You sir, need to learn the magic of periods.

I mostly want to use the mysticism hero to tech up metalworking and recruit more blackbirds if it's at all possible. Otherwise, shred martial via a new company so we can start recruiting more.

If you want tech I think we will get some from a 2main Raise Army.
 
Oh, we might also want to consider a secondary for the redshore aqueduct... with the iron age Law buff, that + the policy will finish it this turn, and we've gotten multiple warnings about both redshore getting overcrowded and about disease in general. It'll also give us net +2 econ expansion, while raising the cap for keeping sacred forest as a true city to 16, which should make the resulting 12 (or less if we take any more 2+ econ expenses) econ expansion low enough to regain it, if my earlier analysis is right and we need to go 4 lower than the "keep" cap to regain a city.
 
I could get behind main trails, sec study metal, sec watchtowers...though again, that relies on the war chief saying that watchtowers aren't vital; i'm half expecting them to be, and if so i'd push for a main.
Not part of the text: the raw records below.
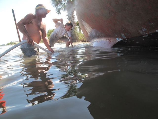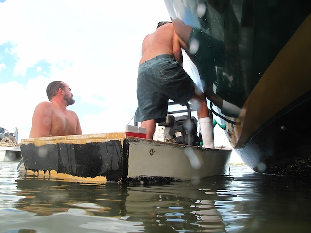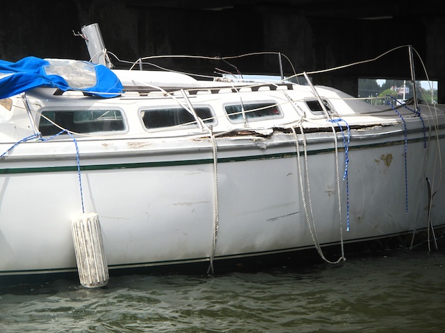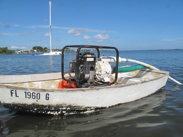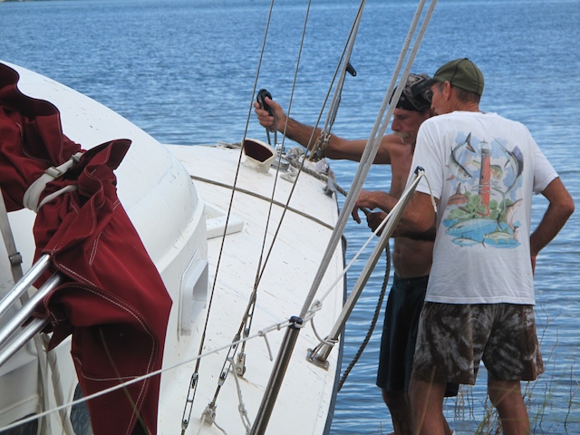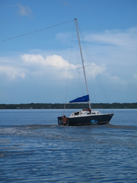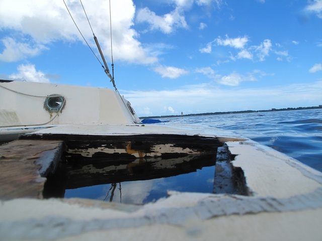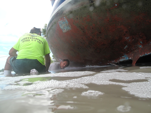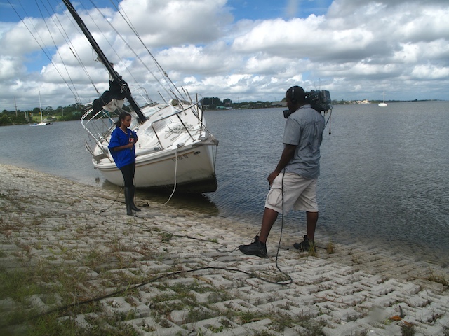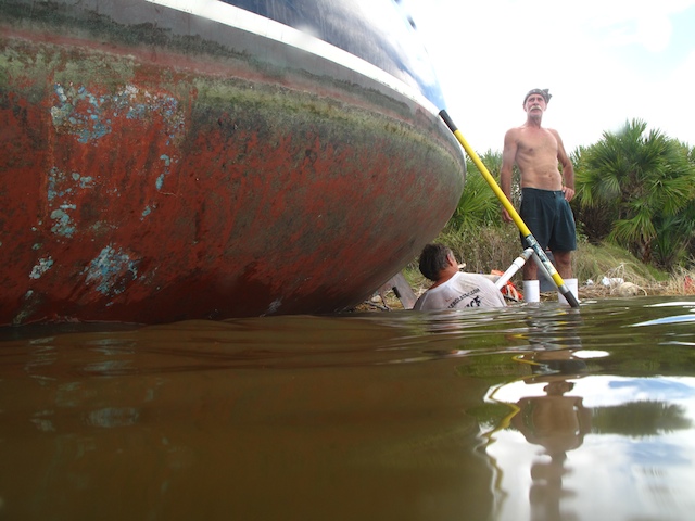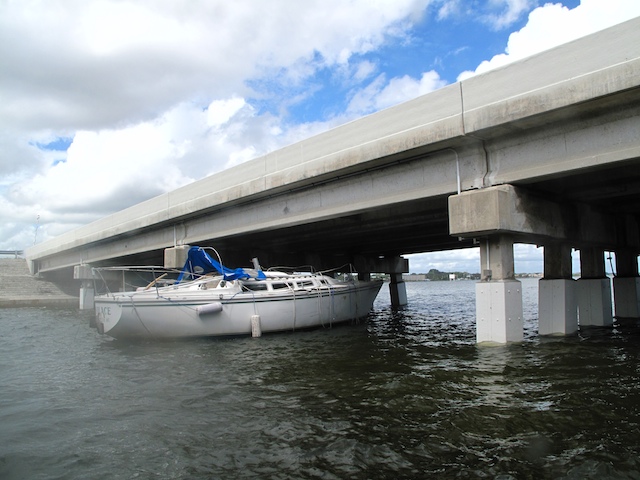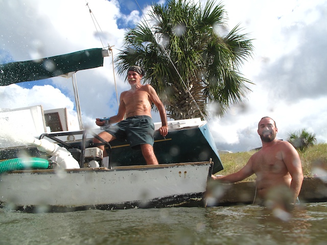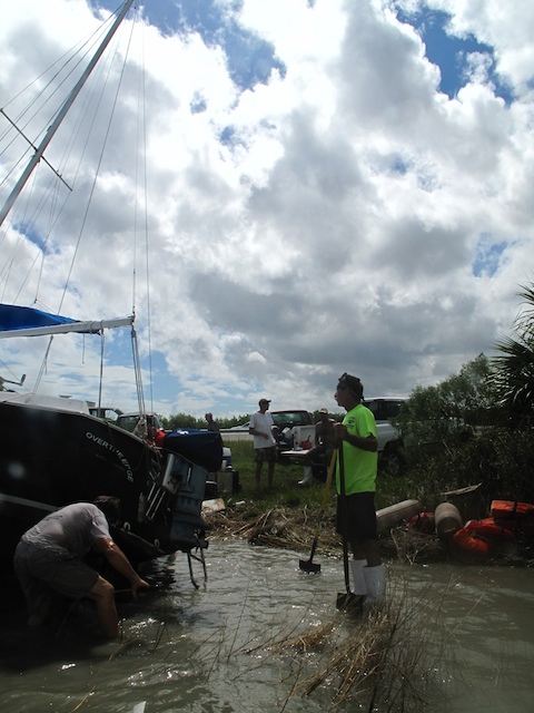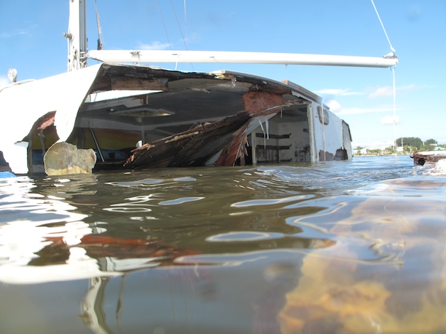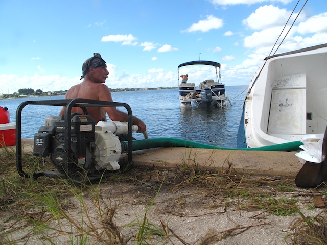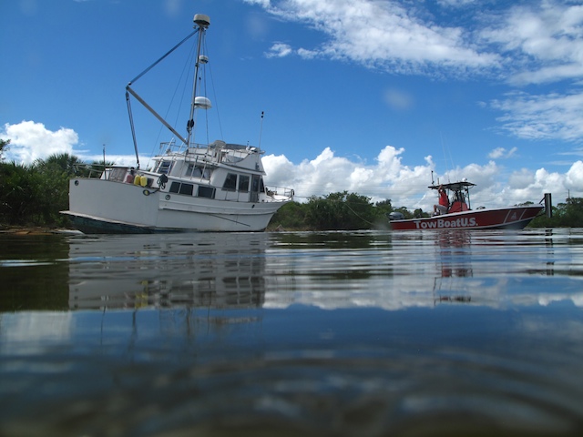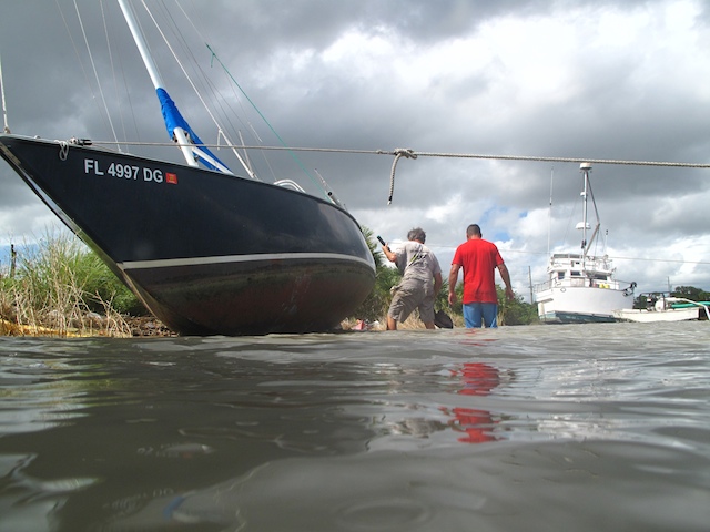 A vicious storm came through Brevard Country on October 9th. Winds came out of the east at fourty plus knots. There is a small harbor north of Pineda Causeway and US1. There are a number of small sail & motor boats moored in the area. The anchor systems failed and all the boats washed ashore from ropes fraying and breaking, and chains failing. Most are recoverable, but a few are either sunk or severely damaged. On Oct 10th I was on hand to watch and help out with the recovery of two boats.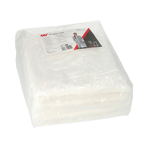 10 “WORK-INN/PS” Bezoekersjas, PP 142 cm x 112 cm wit met drukknopen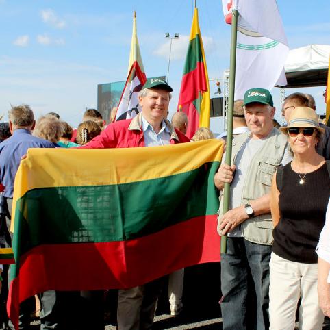 Virš susirinkusiųjų galvų danguje suplevėsavo Lietuvos ir Latvijos vėliavos, kurias skraidino aitvaras.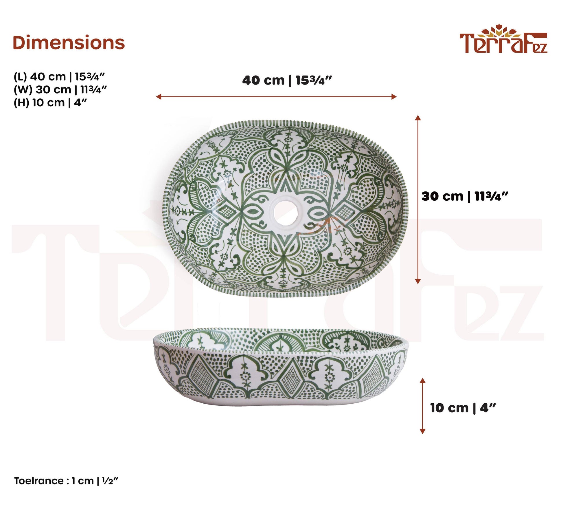 What makes handmade different:Mass-produced sinks can't capture the intricate detail of hand-painted florals and geometric patterns. With TerraFez, each flower and lattice element is carefully applied by skilled artisans, creating subtle variations that make this oval sink unique.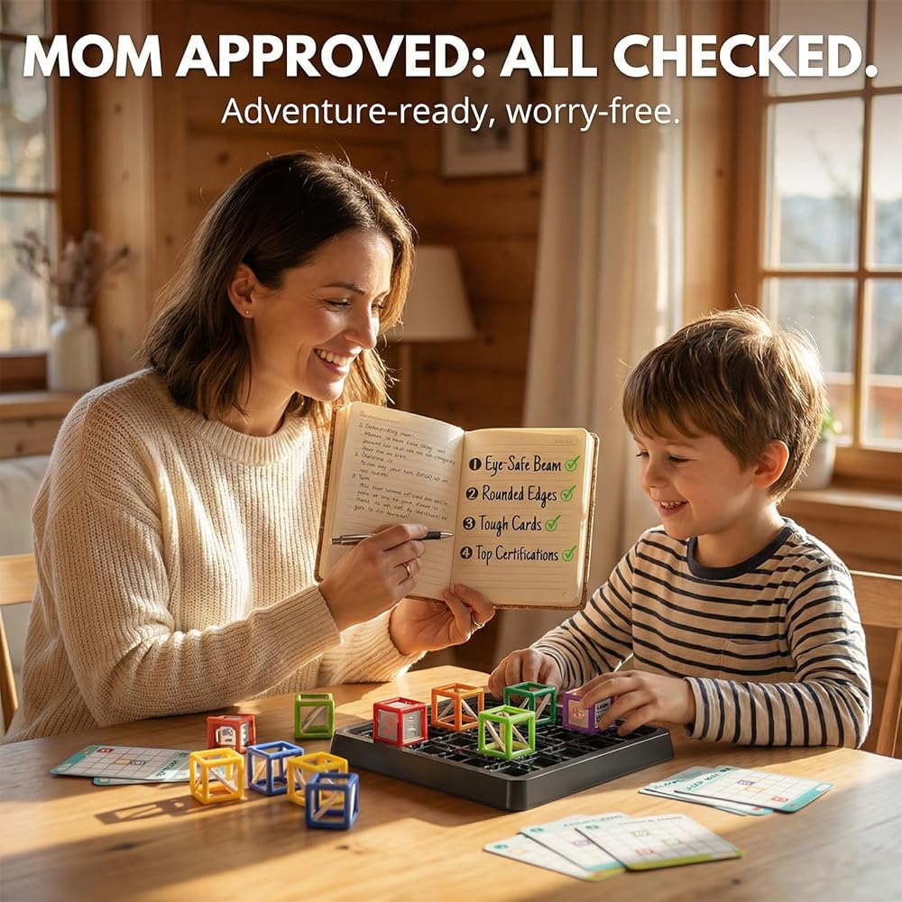 [Safety certified configuration, durable materials to protect the experience] Built with kid-safe materials (non-direct-beam design, rounded edges) and waterproof challenge cards, this STEM toy meets international safety standards—ideal for home, classroom, or on-the-go play. Parents seeking gifts for 8 year old boys or 10+ year old boys will appreciate its durability, making it a reliable choice for STEM learning that withstands endless exploration.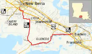 La 83—From a junction with La 14 at or near Curtis through or near Lydia and Weeks Island to a junction with La-US 90 at or near Baldwin.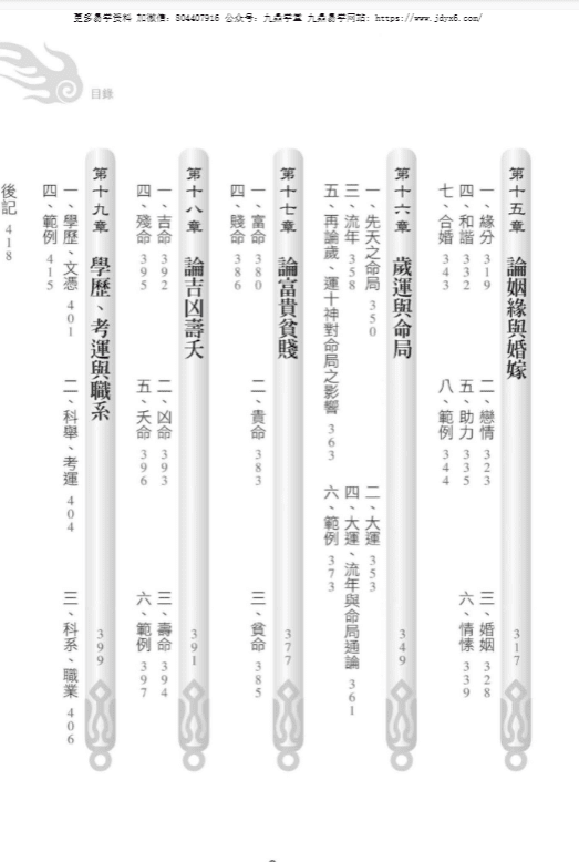 林炜能【八字入门:好学又实用的八字学习书】.pdf 423页,0基础入手,多角度去探讨八字的各种信息。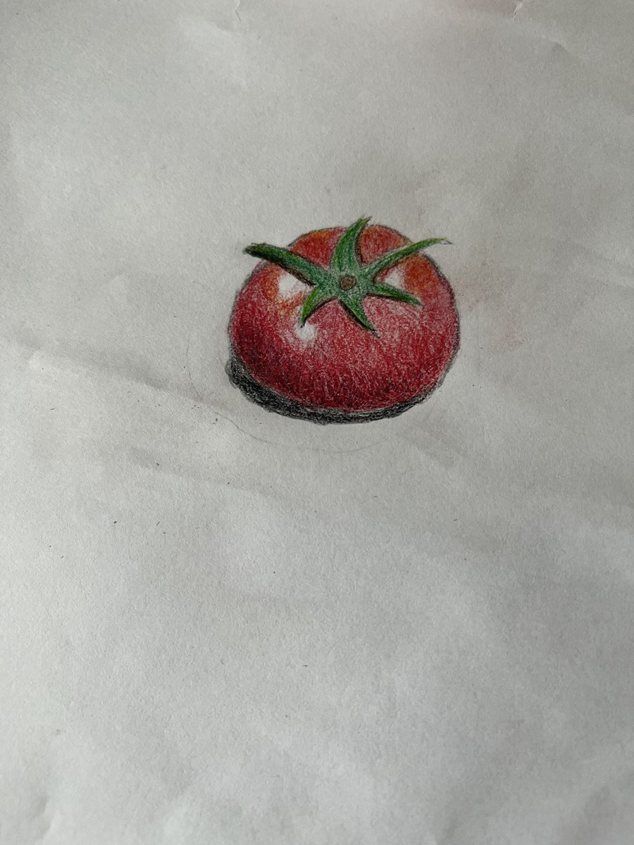 0 2 zoom色鉛筆画教室で描きました 絵なんてほとんど描いたことないです 右は先生指導のもと 左は自分で 絵本の挿絵みたいなプチトマトができて満足です #色鉛筆画 22/03/20 16:01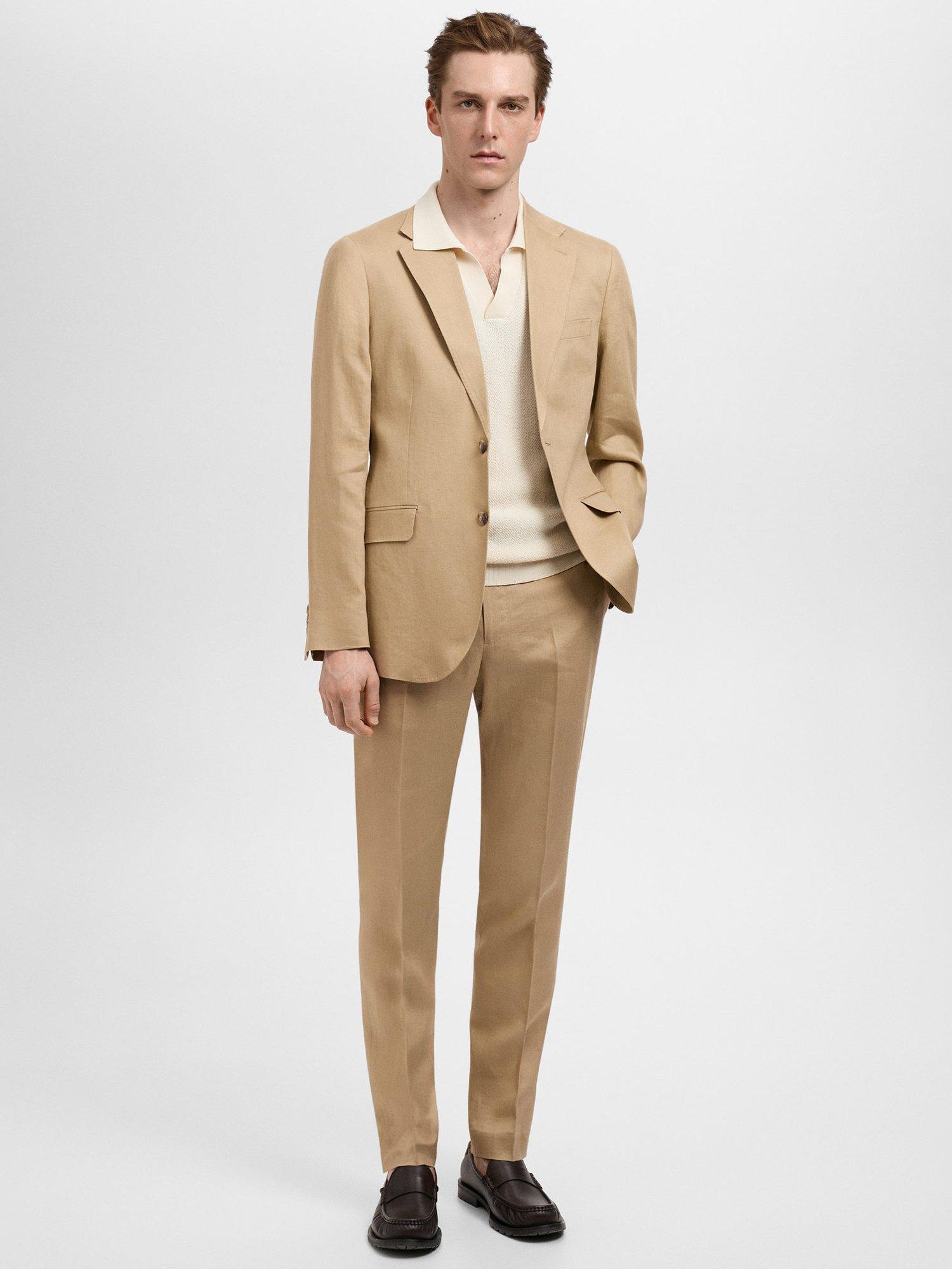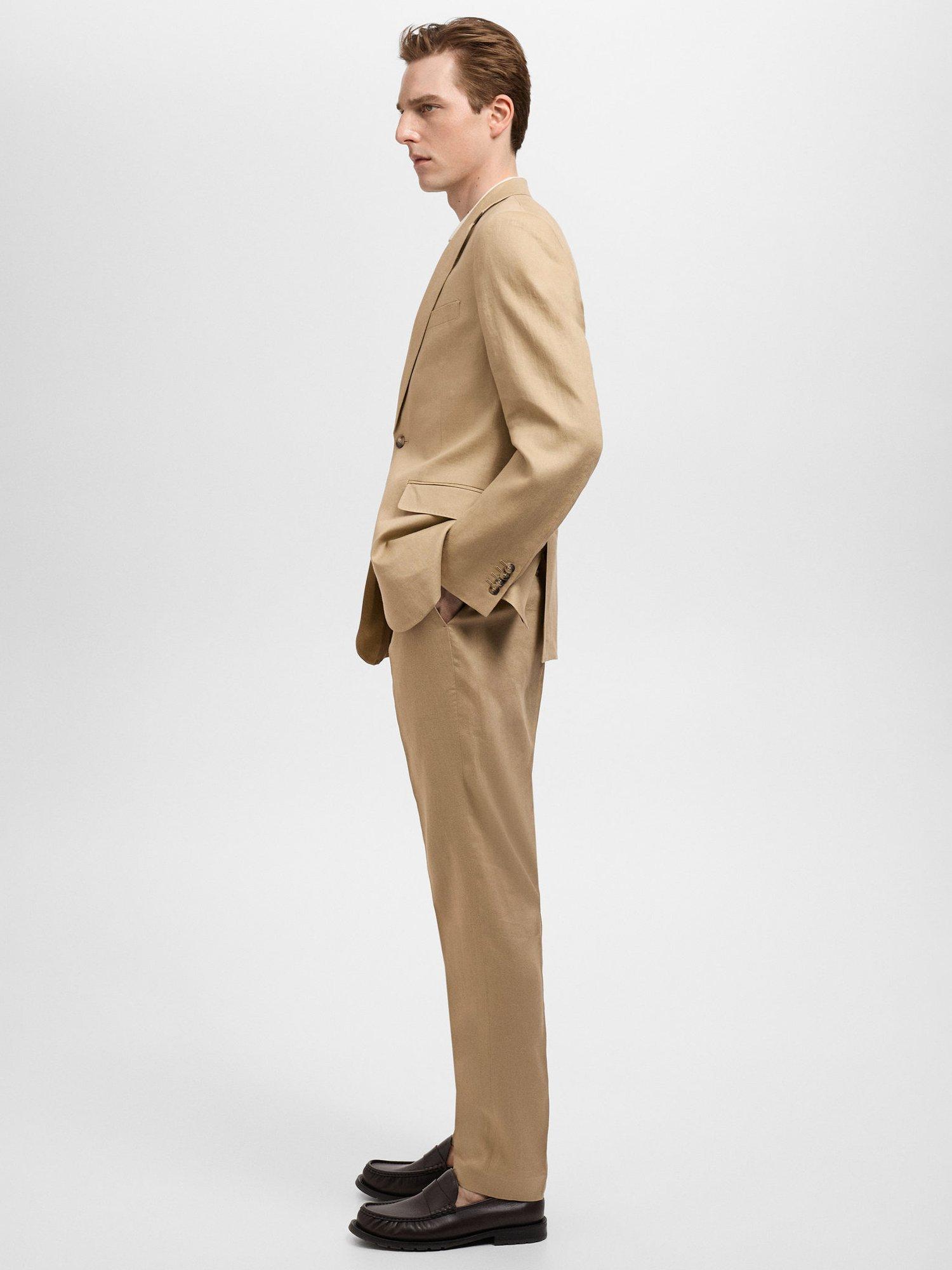 MangoAmalfi Linen Slim Trousers, Light Beige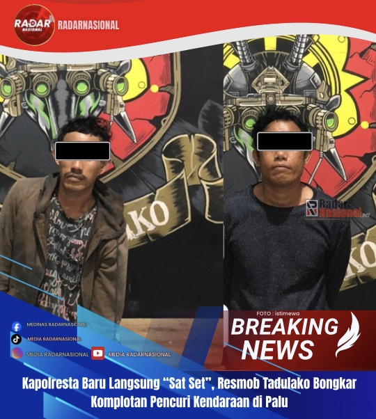 Radarnasional,Palu — Tim Resmob Tadulako Polresta Palu membekuk komplotan pencurian yang beraksi di sejumlah lokasi di Kota Palu, termasuk di lokasi rental mobil di Jalan Datu Pamusu, Kelurahan Kamonji, Kecamatan Palu Barat. Pengungkapan ini menjadi salah satu langkah cepat penegakan hukum sejak Kombes Pol. Hari Rosena resmi menjabat sebagai Kapolresta Palu.8/01/2026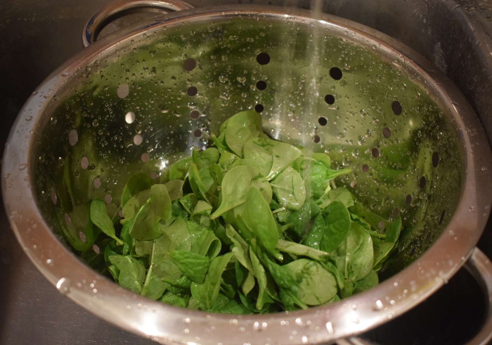 - Wash the spinach leaves in a colander and drain the excess water.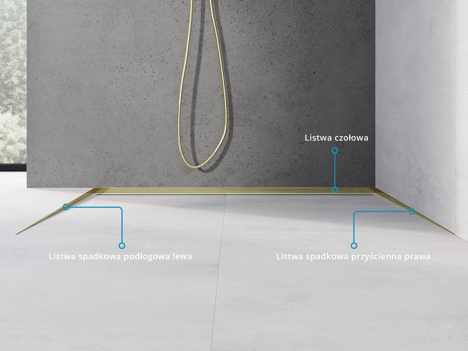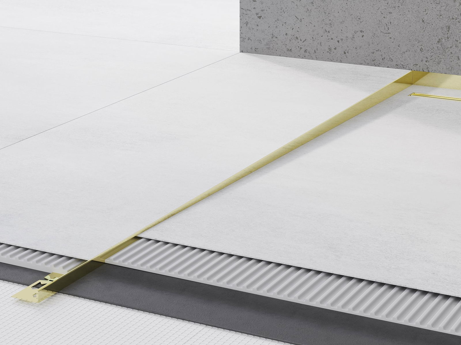 The sloped strip has a precisely set angle of inclination, which effectively directs water towards the drain, preventing it from accumulating on the floor surface. As a result, the water is effectively drained away, minimizing the risk of puddles and ensuring a dry and safe surface.

Though a king war mission to help trigger symphony and make sure we've got more in the theatre if things go south would be good too...
Maybe Main Watchtowers Main Terrify?
 
Oh, we might also want to consider a secondary for the redshore aqueduct... with the iron age Law buff, that + the policy will finish it this turn, and we've gotten multiple warnings about both redshore getting overcrowded and about disease in general. It'll also give us net +2 econ expansion, while raising the cap for keeping sacred forest as a true city to 16, which should make the resulting 12 (or less if we take any more 2+ econ expenses) econ expansion low enough to regain it, if my earlier analysis is right and we need to go 4 lower than the "keep" cap to regain a city.
Yeah. And forestalling disease is important with baby boom.
 
Boy, that was an interesting night I slept through apparently.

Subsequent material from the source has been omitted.